The City of Aarhus, the second largest city in Denmark, provides a good example of technology’s impact. The Danish Ministry of Climate has created a research and development testbed called TAPAS (testbed in Aarhus for precise positioning and autonomous systems) with the aim of developing solutions to create a more livable city to attract citizens, enterprises, and tourism.

TAPAS acts “as a real-life laboratory” to test products such as drones and robots to help support green efforts, Grøntved says. One program to come out of the testbed is CityShark, which produced a drone system to detect and clean up oil spills and trash in the harbor area of Aarhus.

The sailing drone, called WasteShark, will autonomously roam the waters in the area where the Aarhus River flows into the harbor and pick up solid waste such as plastic bottles, single use cups, plastic bags, etc.

When not hunting for solid waste, the drone will be paired in a network with a flying drone mounted with a camera. The flying drone uses an oil-detecting algorithm developed by Danish Technical University and cloud-based image sensing on streaming data that’s analyzed from a data warehouse provided by Kinetica.

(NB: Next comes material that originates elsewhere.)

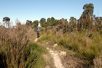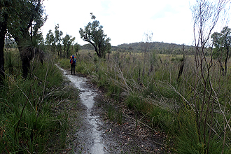 We had a super early start, the thought of fresh bread calling us I think. The camp spot was quite bushy with grass trees and the log we used last night was sort of behind the tent. Next thing I saw Mike walking up back to the trail with the stove, head torch on. "Hey - where are you off to?" I asked. Turns out he was so disorientated in the dark he was off to find the log in the complete opposite direction! In the end it took us 10min to find the damn log which was only 10m away.

The data is used to detect even small amounts of oil or gasoline waste on the water surface and provide a location for the sailing drone to clean up. “When working together with the flying drone, the sailing drone will be equipped with an oil skimming unit that enables it to clean up oil spills,” Grøntved says. The two drones will coordinate their efforts in real-time using the TAPAS testbed, 5G communications, Oracle Cloud, and algorithms from Kinetica.

Using an on-site weather station feeding data through a local open data platform, the CityShark project when fully implemented is expected to become close to fully autonomous and take ultra-local weather conditions into consideration when calculating the best routes to get to oil spills.

The aim of the project “is to develop a feasible technology that can be expanded to areas that [have] more severe waste and pollution burdens than Aarhus, and in this way help to clean up the oceans,” Grøntved says.